Like The Little Prince cared for and treasured his rose, my
father cared for and treasured his family.
And not a day went by that he didn’t tell my mother how much he loved
her. Although most of us in this room,
myself included, saw him as a near flawless man, the truth is that he grew a
lot because of my mother. My father was
NOT perfect. And from what I hear he
made a lot of bad decisions in his younger years. My mother shared a letter with Sarah and me
after he died that my father had written to her after they had had what seemed
to be a pretty serious fight. In the
letter my father thanks my mother for having faith in him, for having faith in
his dreams and for having faith in his potential. He told her that he needs her in his
life. He needs her to be with him to
achieve their shared vision in life. The
letter was probably about ten pages long.
The final line of the letter read, “I love you. My life is dedicated to you.” And though there were certainly bumps along
the way, and undoubtedly times when that dedication was tested, he lived up to
his promise. My father’s dedication to
my mother and to his family became the very essence of who he is.
One of the most famous lines from The Little Prince is “It
is only with the heart that one can see rightly; what is essential is invisible
to the eye.” When we were growing up on
the second floor of a two family house in North Bergen, we didn’t have a
washing machine or dryer.
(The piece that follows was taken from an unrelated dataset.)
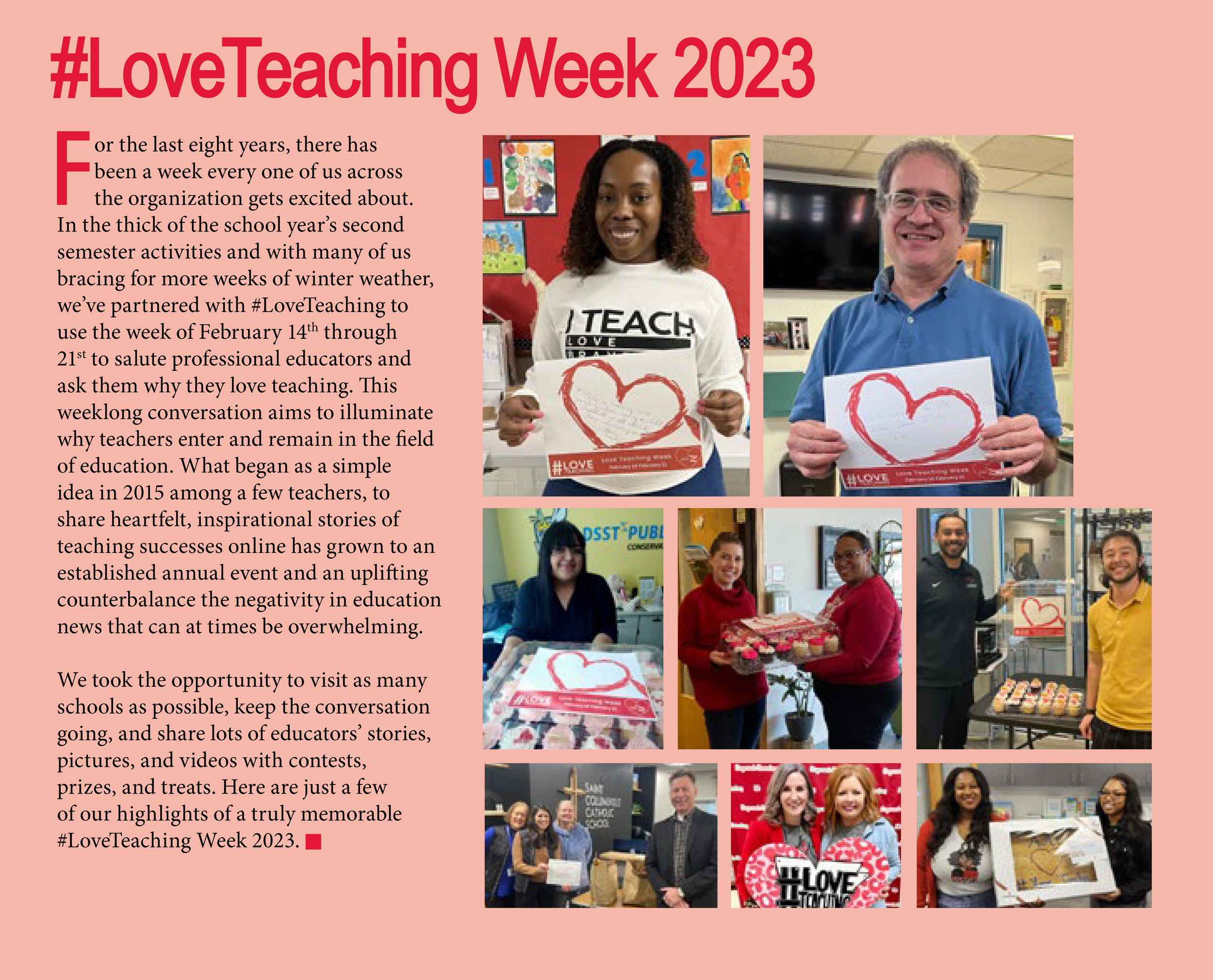 Valentine’s Day, February 14th, each year marks the beginning of a weeklong conversation to illuminate why educators enter and return to the field of teaching. Love Teaching Week celebrates the many sources of fulfillment and meaning rather than the focus on the many challenges faced by the profession
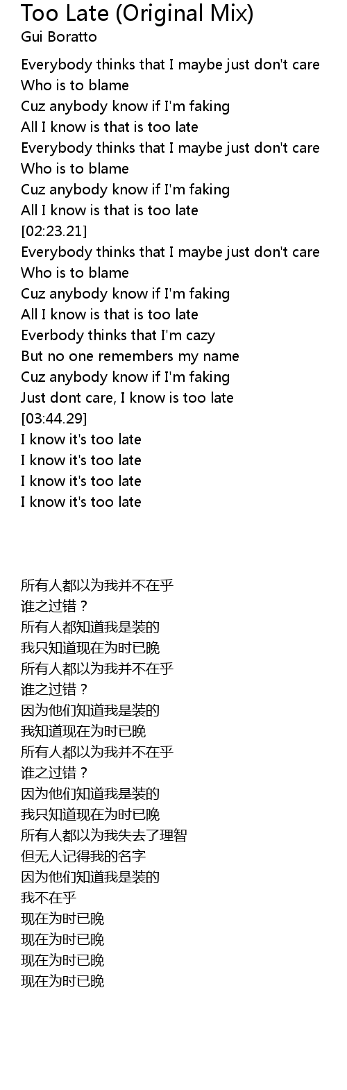I know it's too late |

So on Saturday
mornings, my dad would bring us to the laundromat with him. While he would do the laundry we would go to
the arcade next door and have lunch at Burger King. But we would always help him fold the
laundry. Sometimes, for lunch we would
get deli sandwiches and eat together as a family in the living room while
watching American Gladiator on TV. On Friday nights, we would rent movies from
Blockbuster and order pizza. We didn’t
do a lot of extravagant things. To many
they probably seemed ordinary. But my
dad loved that family time. It was his
most cherished possession.
One of MY favorite lines from The Little Prince is when the
rose says to The Little Prince, “I must endure the presence of a few
caterpillars if I wish to become acquainted with the butterflies.” This reminds me so much of what my dad told
Allie and Alex in each of their last conversations. He told them, “In life,
good things and bad things will happen.
But it’s important to always focus on the good things.” My father was an optimist. He loved life. He loved his family. And he loved that we loved him. There is no doubt that every single person
who loves him is going to miss him – his corny jokes, his delicious cooking,
his reliability, and his honest love.
But as The Little Prince said to the aviator before he left, “when your
sorrow is comforted (time soothes all sorrow) you will be content that you have
known me. You will always be my friend.”
This is so beautiful Amy. I am thankful to have known your father and will take these lessons for myself as well. He will shine through you all forever.